◆ **Task**
The answer is to be the lines below that lie between the line holding "The elephant mode" and the line holding "Unmittelbar vor den", inclusive, transcribed exactly and free of pictures.

◆ **Supplied records**
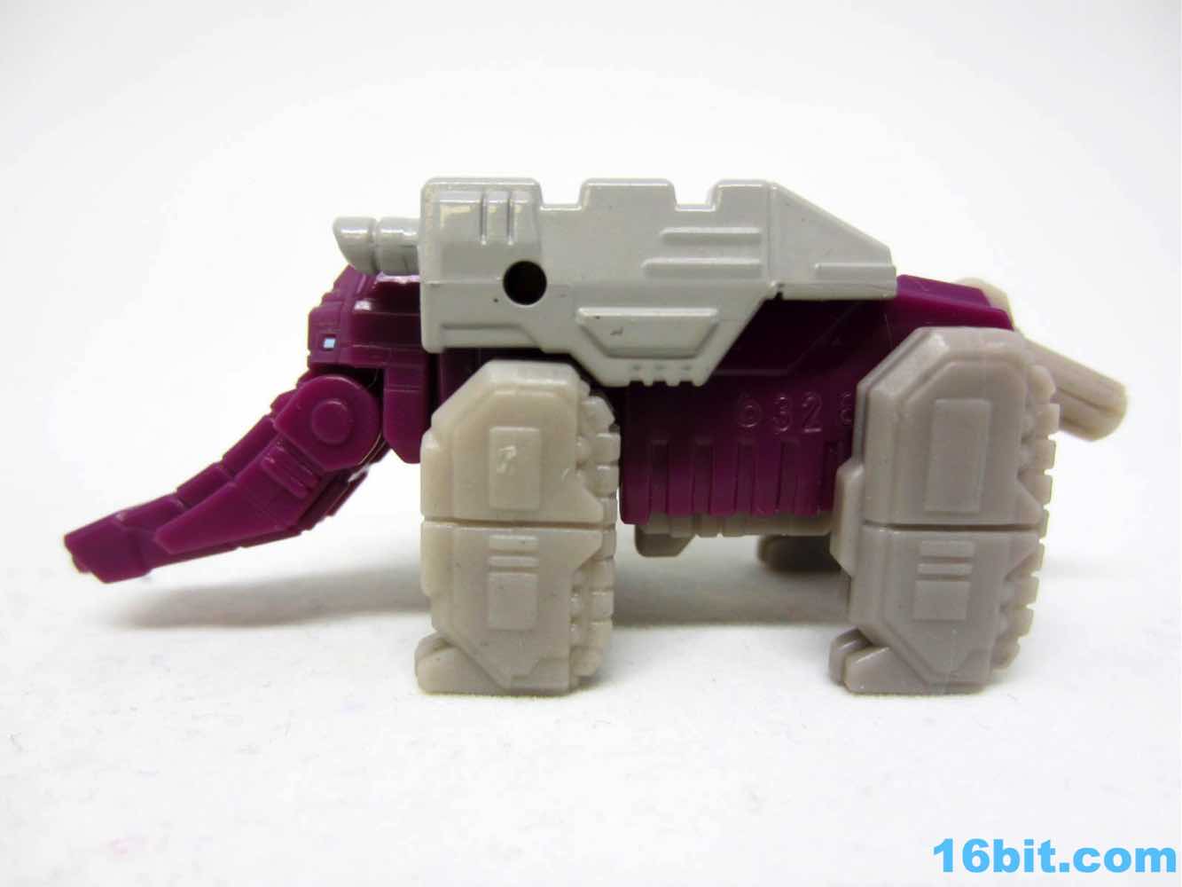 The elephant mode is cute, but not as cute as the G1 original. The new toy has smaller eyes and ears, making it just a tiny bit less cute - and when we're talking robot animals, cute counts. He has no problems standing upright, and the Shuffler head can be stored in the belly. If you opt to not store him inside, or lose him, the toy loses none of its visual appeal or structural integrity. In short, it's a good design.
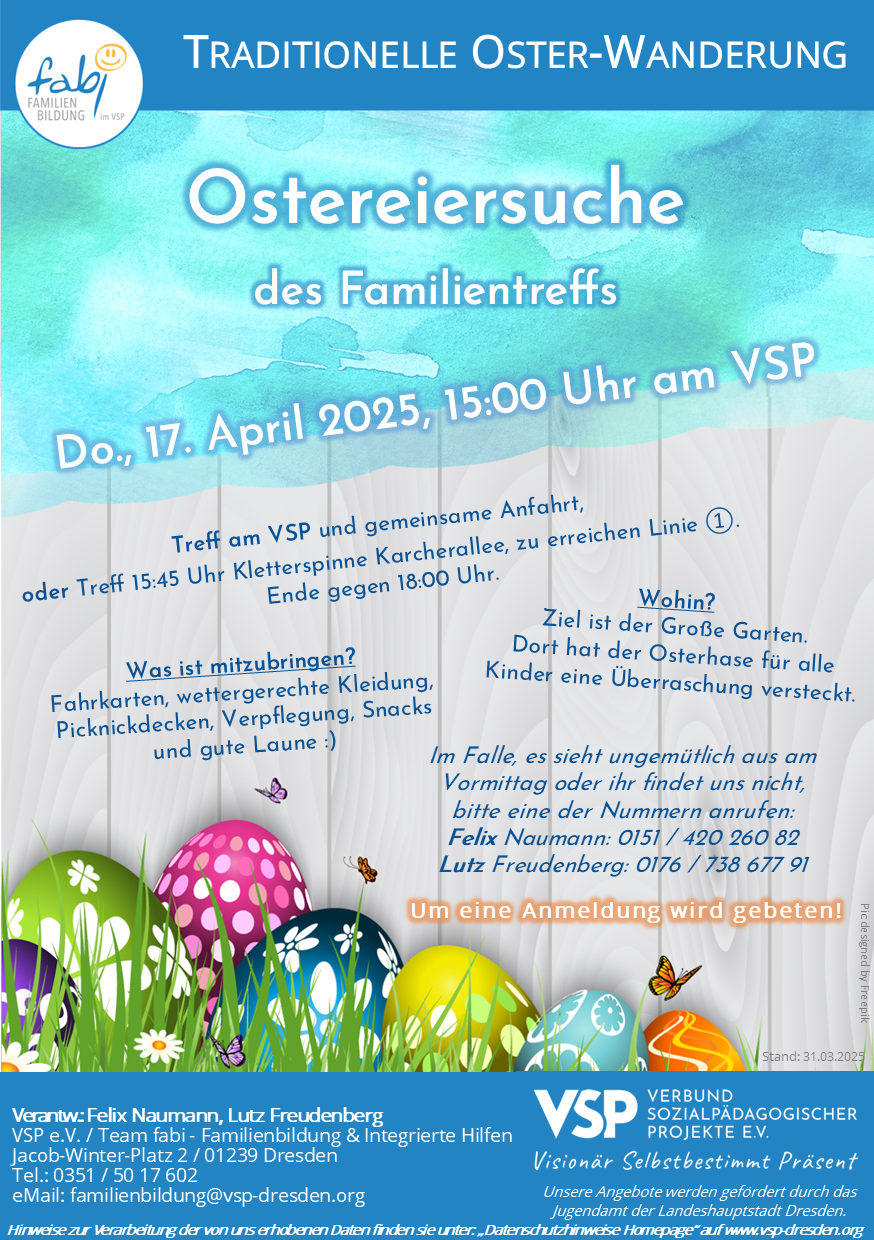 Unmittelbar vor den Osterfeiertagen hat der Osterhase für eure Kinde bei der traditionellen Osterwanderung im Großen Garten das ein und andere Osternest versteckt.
* * *
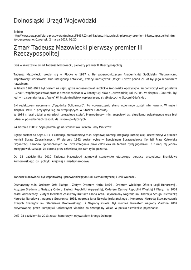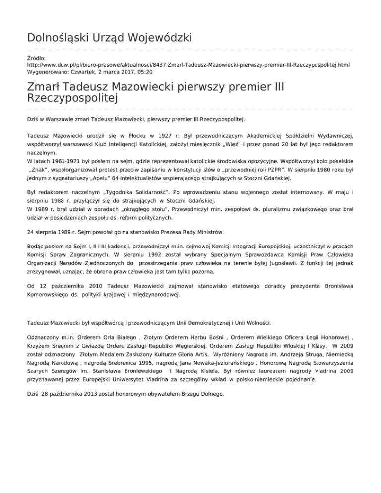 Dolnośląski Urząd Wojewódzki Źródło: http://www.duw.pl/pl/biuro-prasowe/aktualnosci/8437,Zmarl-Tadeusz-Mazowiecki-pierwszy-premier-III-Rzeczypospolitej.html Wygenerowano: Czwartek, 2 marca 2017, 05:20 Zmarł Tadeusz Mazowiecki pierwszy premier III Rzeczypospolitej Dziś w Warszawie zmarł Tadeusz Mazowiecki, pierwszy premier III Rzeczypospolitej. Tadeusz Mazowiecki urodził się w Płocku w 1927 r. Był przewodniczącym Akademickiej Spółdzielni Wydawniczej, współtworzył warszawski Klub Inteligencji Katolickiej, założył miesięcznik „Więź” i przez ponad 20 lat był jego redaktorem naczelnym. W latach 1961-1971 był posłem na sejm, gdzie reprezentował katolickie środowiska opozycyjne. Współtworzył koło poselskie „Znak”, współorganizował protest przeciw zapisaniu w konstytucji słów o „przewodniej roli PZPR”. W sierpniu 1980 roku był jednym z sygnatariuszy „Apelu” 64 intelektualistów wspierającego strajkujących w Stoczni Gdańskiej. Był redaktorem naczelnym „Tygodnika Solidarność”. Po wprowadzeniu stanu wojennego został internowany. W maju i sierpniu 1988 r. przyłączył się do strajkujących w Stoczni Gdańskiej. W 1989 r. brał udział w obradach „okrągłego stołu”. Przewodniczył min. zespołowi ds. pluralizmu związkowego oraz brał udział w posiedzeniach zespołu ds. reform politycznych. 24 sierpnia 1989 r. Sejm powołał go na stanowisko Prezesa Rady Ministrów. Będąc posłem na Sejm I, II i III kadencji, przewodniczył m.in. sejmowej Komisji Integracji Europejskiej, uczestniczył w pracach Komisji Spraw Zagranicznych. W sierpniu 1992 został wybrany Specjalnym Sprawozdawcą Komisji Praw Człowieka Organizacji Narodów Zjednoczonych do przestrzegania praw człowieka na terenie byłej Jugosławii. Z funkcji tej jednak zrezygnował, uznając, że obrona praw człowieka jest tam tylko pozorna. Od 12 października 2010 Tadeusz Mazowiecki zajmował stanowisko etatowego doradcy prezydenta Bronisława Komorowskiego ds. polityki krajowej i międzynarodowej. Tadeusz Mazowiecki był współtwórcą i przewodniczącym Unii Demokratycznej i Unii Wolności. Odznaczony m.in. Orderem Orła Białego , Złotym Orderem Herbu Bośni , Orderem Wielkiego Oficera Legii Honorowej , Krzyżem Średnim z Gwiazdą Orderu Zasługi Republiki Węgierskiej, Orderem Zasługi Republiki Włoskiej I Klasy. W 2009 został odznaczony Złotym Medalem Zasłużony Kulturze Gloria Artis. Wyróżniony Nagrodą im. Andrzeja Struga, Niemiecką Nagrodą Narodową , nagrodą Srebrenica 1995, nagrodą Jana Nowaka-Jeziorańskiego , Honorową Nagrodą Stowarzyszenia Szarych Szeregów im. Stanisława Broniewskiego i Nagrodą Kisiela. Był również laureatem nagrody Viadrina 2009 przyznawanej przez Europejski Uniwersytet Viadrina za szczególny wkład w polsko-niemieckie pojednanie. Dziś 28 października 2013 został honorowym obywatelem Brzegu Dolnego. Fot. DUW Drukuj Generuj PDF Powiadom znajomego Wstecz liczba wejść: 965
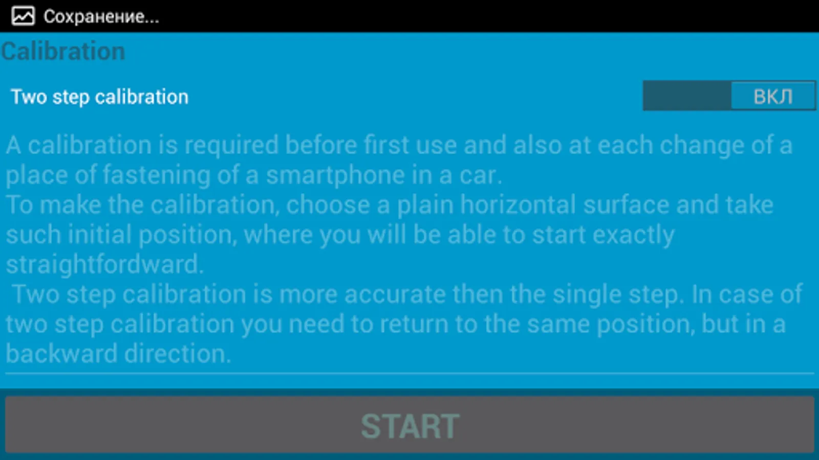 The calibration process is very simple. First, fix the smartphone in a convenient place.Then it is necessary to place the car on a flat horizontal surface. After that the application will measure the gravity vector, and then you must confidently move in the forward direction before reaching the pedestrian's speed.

◆ **Exercise result**
 The elephant mode is cute, but not as cute as the G1 original. The new toy has smaller eyes and ears, making it just a tiny bit less cute - and when we're talking robot animals, cute counts. He has no problems standing upright, and the Shuffler head can be stored in the belly. If you opt to not store him inside, or lose him, the toy loses none of its visual appeal or structural integrity. In short, it's a good design.
 Unmittelbar vor den Osterfeiertagen hat der Osterhase für eure Kinde bei der traditionellen Osterwanderung im Großen Garten das ein und andere Osternest versteckt.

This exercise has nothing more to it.